На нижней ступени лестницы Нянюшка сняла с глубокой чашки белое полотенце, и густой запах свежеиспечённой сдобы наполнил воздух. Лёля сглотнула, с наслаждением втягивая сладкий аромат. От удовольствия она даже зажмурилась на секунду, как кошка, которую давеча в саду гладила. Бедная Нянюшка считала, что не заслужила место в Прави, не сделала ничего особенного, разве что по совести жила, но Лёле казалось, Род вознёс её в Правь за заслуги в готовке. Воздушным сахарным булочкам старенькой няни суждено было стать кушаньем богов, а не кануть в забвение Нави.

— А помните, девоньки, как за Лёленьку нашу Кощей сватался? — Нянюшка обходила стайку девушек, начав с Лёли, как со своей любимицы, и каждая с нетерпением ждала очереди запустить руку в вожделенную чашу.

— Не надо, Нянюшка, не начинай даже! — с набитым ртом взмолилась Лёля совершенно искренне. Не было в рассказе этом для неё ничего нового, лишь воспоминания пугающие. — Спой лучше что-нибудь! Или загадки позагадывай!

— А я бы послушала про Кощея, — нерешительно высказалась с верхней ступени Плеяна, самая пригожая из Лёлиных подруг. — Любопытно ведь, я тогда ещё в услужении у тебя не была. — Она озиралась в поисках поддержки, и вот уже другие девушки закивали головами в знак согласия. Обречённо выдохнув, Лёля тоже кивнула, хоть и нехотя. Знала она, что рада будет Плеяна про сватовство её, пусть и неудачное, послушать да жизнь свою земную вспомнить.

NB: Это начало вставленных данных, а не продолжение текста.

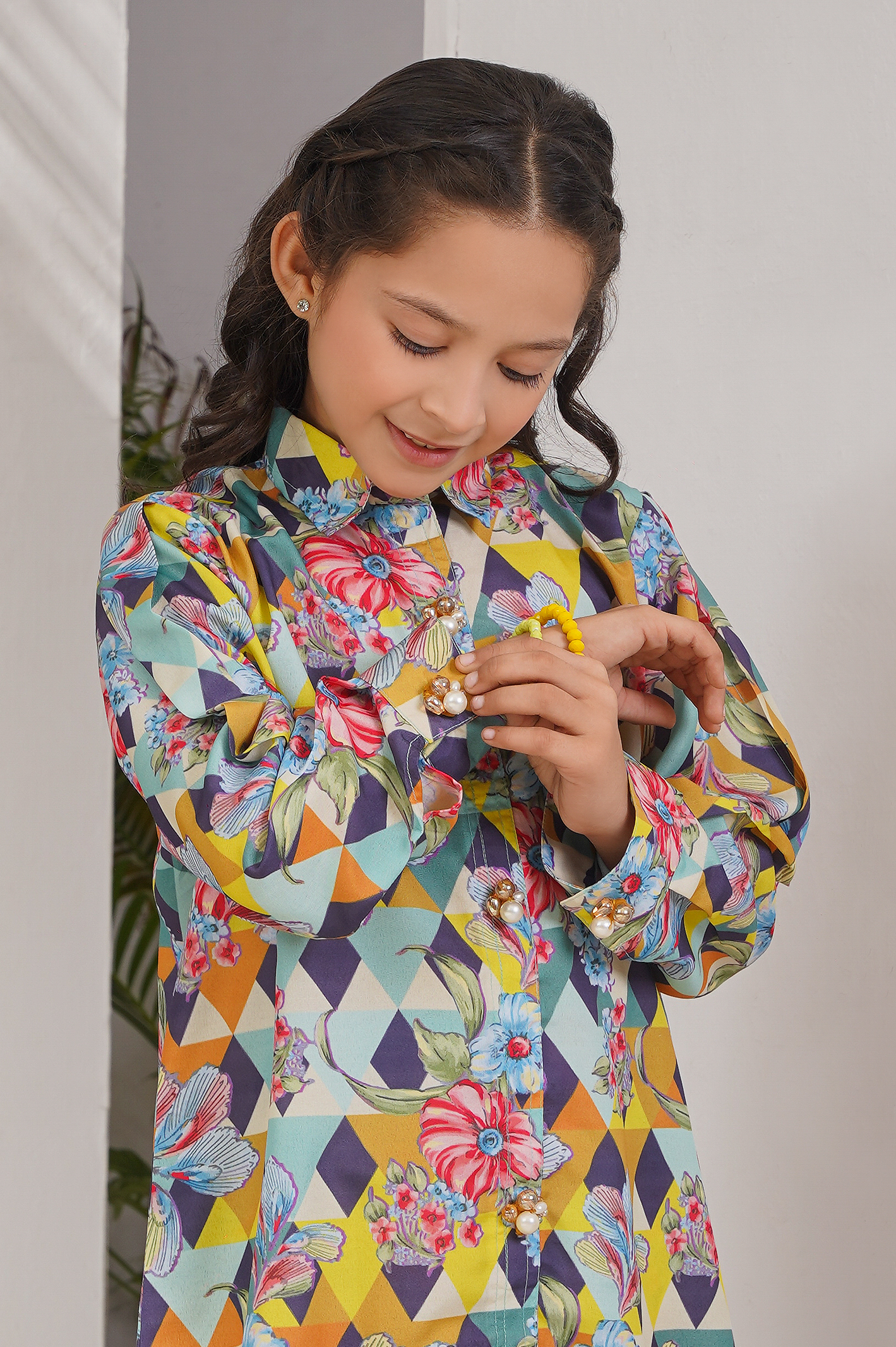 Let your little girl step into vibrant elegance with this eye-catching 2 PC Printed Swiss Lawn Suit for Girls from The Fairy’s Club. Featuring a stunning multicolor geometric pattern blended with delicate floral prints, this outfit is a perfect expression of modern style with playful charm.

Всех своих подруг Лёля любила, а о смерти Плеяны думала чаще всего. Красавица скончалась от болезни накануне назначенного дня свадьбы. Души она не чаяла в женихе своём, а когда того накрыла лихорадка, упросила Ладу Великую перевести его болезнь на себя. Лада, мать Лёли, противиться не стала, спасла парня, но взамен забрала душу юной невесты в Правь, даровав ей вечную жизнь и вечную молодость. Мокошь не обманешь, от смерти не убежишь, как в детских догонялках, своё она возьмёт, коли нить жизни уже перерезана.

— А как так вышло, что Лёля упустила суженного своего? — с любопытством поинтересовалась одна из девушек. — Иль увидел её да сам сбежал?

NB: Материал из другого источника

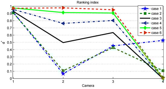 Step 4. Measure the distance between the vector defining a certain camera and the positive ideal solution. Following Equation (16), we obtain the following distances: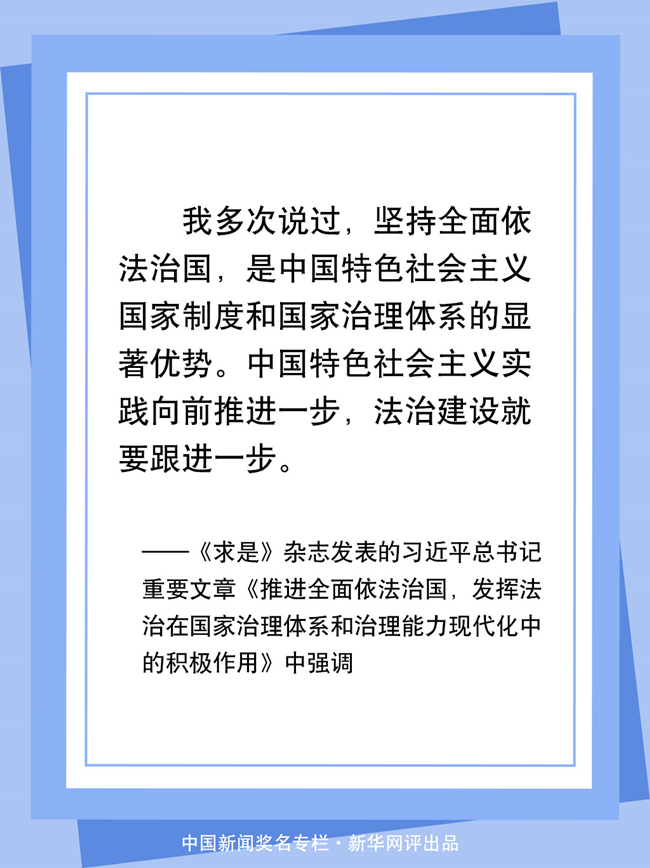 中国特色社会主义实践向前推进一步,法治建设就要跟进一步。不久前,党的十九届五中全会为中国擘画了一幅波澜壮阔的新图景。9000万人的大党、14亿人的大国将从这里昂首阔步再出发。在通往伟大目标的征途上,推进国家治理体系和治理能力现代化是必由之路。其中,提高党依法治国、依法执政能力,用法治保障人民当家作主,坚持和完善中国特色社会主义法治体系,更好发挥法治对改革发展稳定的引领、规范、保障作用,建设高素质法治工作队伍,是我们必须着重把握的几个方面。只有切实推进全面依法治国,更好把社会主义法治优势转化为国家治理效能,才能推动伟大事业走向新的辉煌。

— Да кто сбежал бы от ягодки такой? Нет, несчастный Кощей голову из-за неё потерял. — Нянюшка придержала край тёмной узорчатой юбки, присаживаясь на высокую лавочку, которую девушки привыкли оставлять свободной специально для неё. Она поставила пустую чашку рядом, аккуратно сложила туда полотенце, а затем продолжила: — Да и сам он видом хорош был…

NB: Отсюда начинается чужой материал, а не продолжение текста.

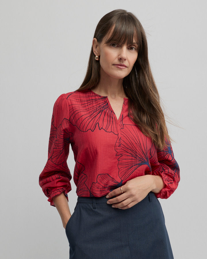 The Yarra Trail Staten Blouse is a beautifully lightweight printed blouse designed for effortless everyday style. Featuring an exclusive Yarra Trail floral print in rich red tones with striking navy linework, this piece brings colour and personality to your wardrobe while maintaining the relaxed elegance the brand is known for. Easy to wear and flattering through the body, the Yarra Trail Staten Blouse is perfect for work, weekend outings or layering through the seasons. Available online from Pink Poppies Living Creatively, your proudly regional Stanthorpe boutique.

— Хорош?! — перебила Лёля, от возмущения поперхнувшись воздухом. Она резко присела, хотя до этого вольготно откинулась на колени Благославы, устроившейся ступенькой выше. — Выглянула я тогда из окошка, посмотрела на него. Хоть и за занавеской пряталась, а всё видела. Тощий, глазюки цвета невиданного омутом сверкают, волосы чёрные по спине лежат, точно змеи! И злым чем-то от него веет! Я даже из своей светлицы почувствовала: плохой он, Кощей, страшный, — с вызовом закончила она.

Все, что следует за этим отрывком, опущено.